Dr. Rhode enrolled at Yale in 1970, a year after the college began admitting women, and became the first female president of the debate association, beating out Cavanagh. “I was following her with keen interest after that,” he quipped. They attended law school together and married in 1976, two years after graduating from college.

In addition to her husband, of Stanford, survivors include a sister.

Dr. Rhode received a law degree in 1977 from Yale, where she edited the law review and directed the moot court board. She began clerking for Supreme Court Justice Thurgood Marshall the next year (Garland was just down the hall, clerking for Justice William J. Brennan Jr.), and impressed Marshall with her legal talent as well as her photography skill, convincing him to sit for several pictures.

Though Dr. Rhode was far from imposing, she developed a commanding speaking style in the classroom at Stanford, where she peppered her lectures with references to Jean-Paul Sartre, Machiavelli, New Yorker cartoons and the TV show “The West Wing.” She founded the university’s Center on Ethics, Center on the Legal Profession and Program on Social Entrepreneurship.

Dr. Rhode’s books included “The Beauty Bias” (2010), an exploration of appearance discrimination; “What Women Want” (2014), a history of the women’s movement; “The Trouble With Lawyers” (2015), which diagnosed problems facing the American bar; and “Character: What It Means and Why It Matters” (2019).

She also led the Association of American Law Schools, which named a public service award in her honor, and served on the American Bar Association’s Commission on Women in the Profession. She was the founding president of the International Association of Legal Ethics and a vice chair of Legal Momentum, an advocacy group for women.

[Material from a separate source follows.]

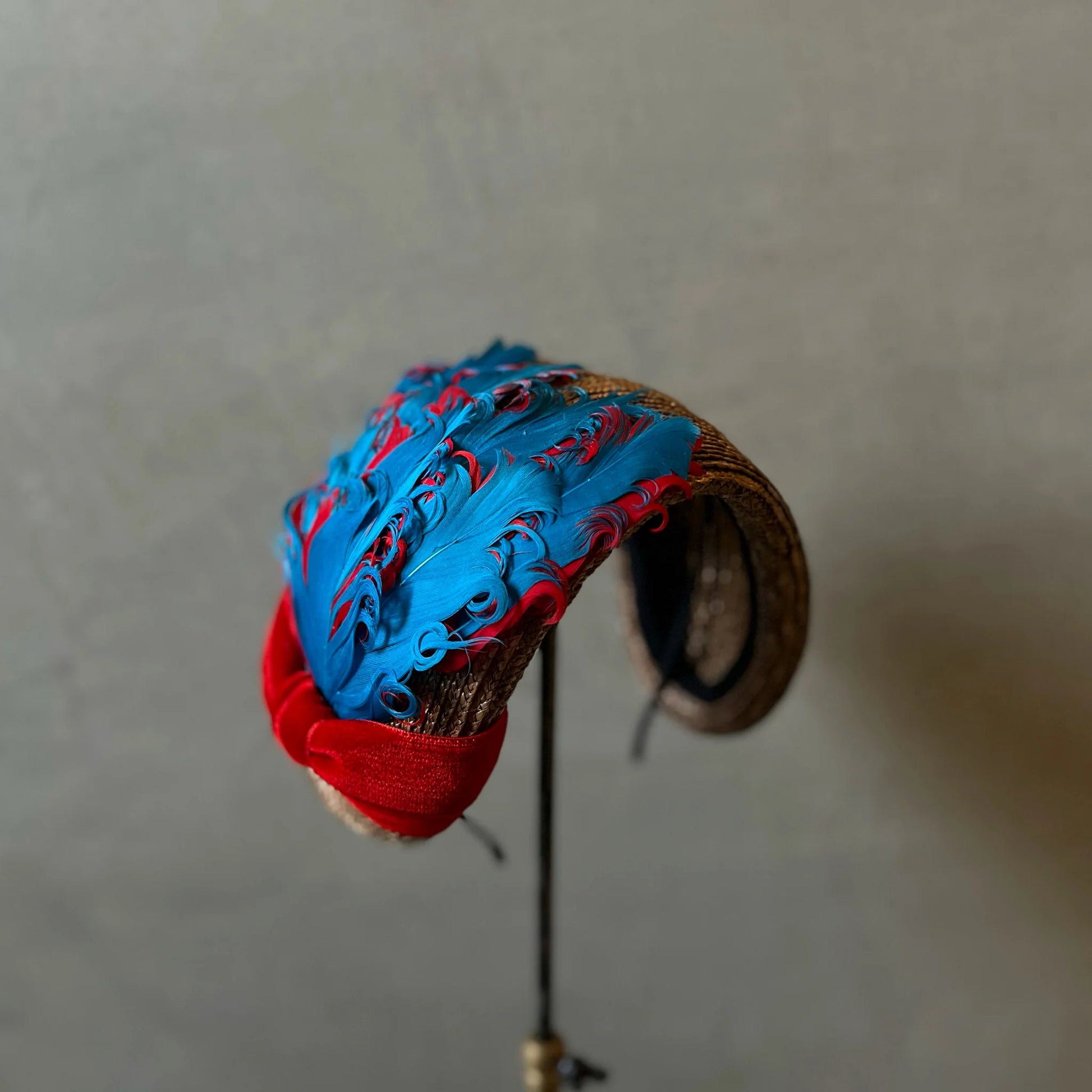 アンティークゴールドに染めた麦のアリスバンドに豪華な羽根をあしらったデザイン。

Though Dr. Rhode seldom worked in politics, she served as senior investigative counsel to Democrats on the House Judiciary Committee during impeachment proceedings against President Bill Clinton. The episode galvanized her research into leadership, according to her husband, and led Dr. Rhode to begin teaching one of the first leadership classes offered at a law school, with a focus on qualities such as integrity, self-awareness, empathy and persuasion.

“It is a shameful irony that the occupation that produces the nation’s greatest share of leaders does so little to prepare them for that role,” she wrote in a 2017 Stanford Law Review article, noting that lawyers made up fewer than 1 percent of the population but accounted for most American presidents.

“The need for effective leadership,” she added, “has never been greater.”